Use the table of complex ion formation constants to calculate the molar concentration of free Fe^2+ in 0.510M aqueous solution of potassium hexacyanoferrate(II) K4(Fe(CN)6) at 25 degrees celsius.
I know the answer is 1.96*10^-6 m, but I'm at a loss on how to get there.
I've written down the information from the formation constant chart that i need, but again I don't know how exactly to use it.
To calculate the molar concentration of free Fe^2+ in the aqueous solution of potassium hexacyanoferrate(II) (K4(Fe(CN)6)), you can use the formation constant chart.
1. First, find the complex ion formed between Fe^2+ and CN^- in the chart. The complex ion is [Fe(CN)6]^4-.
2. Identify the formation constant (Kf) for the formation of the complex ion [Fe(CN)6]^4-. Let's assume the value is given as Kf = 1.1 x 10^15.

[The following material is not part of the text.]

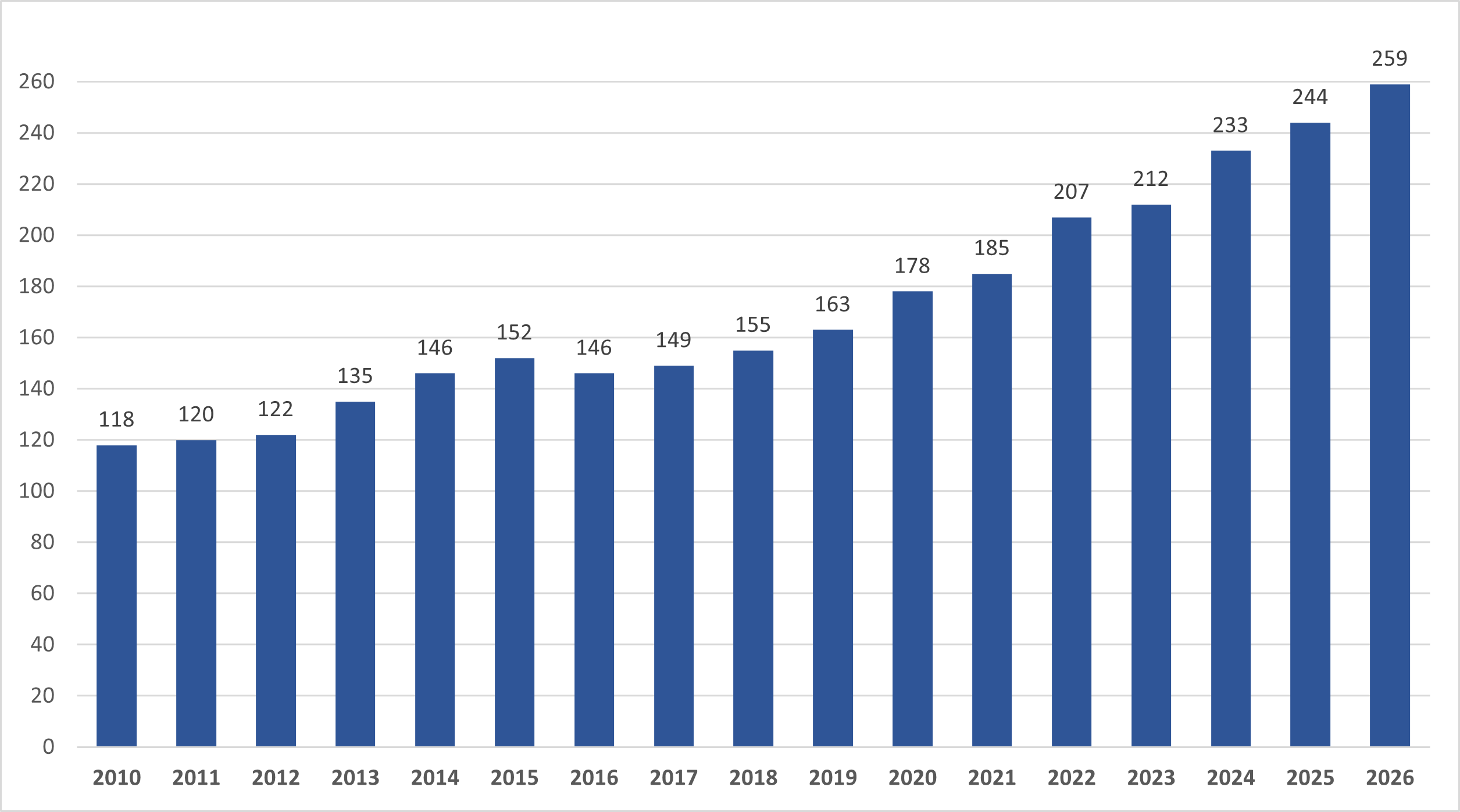 Antalet registrerade revisionsbolag fortsätter att öka. Den 1 januari 2026 fanns det 259 bolag i Revisorsinspektionens register, varav 249 registrerade revisionsbolag och tio revisionsföretag från tredjeland.

3. Write down the formation reaction:
Fe^2+ + 6CN^- -> [Fe(CN)6]^4-
4. Define the equilibrium concentrations of the reactants and products. In this case, let's assume the concentration of [Fe(CN)6]^4- is x M, and the initial concentration of Fe^2+ is 0.510 M.
[Fe^2+] = 0.510 M (initial concentration)
[CN^-] = 6x M (molar concentration of CN^- contributed by [Fe(CN)6]^4-)
5. Since Fe^2+ reacts with all 6 CN^- ions, the change in concentration of Fe^2+ is -x M, and the change in concentration of CN^- is subtracted to reflect the reaction stoichiometry: -6x M.
[Fe^2+] = (0.510 - x) M (final concentration of Fe^2+)
[CN^-] = 6x M (final concentration of CN^-)
6. As per the formation constant expression, the equilibrium expression can be written as:
Kf = ([Fe(CN)6]^4-)/([Fe^2+][CN^-]^6)
Substitute the values:
1.1 x 10^15 = (x)/((0.510 - x)*(6x)^6)
7. Solve the equation for x. This can be done using algebraic methods or a numerical solver. The solution will give you the concentration of [Fe^2+] in M.
x = 1.96 x 10^-6 M
Therefore, the molar concentration of free Fe^2+ in the 0.510 M aqueous solution of potassium hexacyanoferrate(II) at 25 degrees Celsius is 1.96 x 10^-6 M.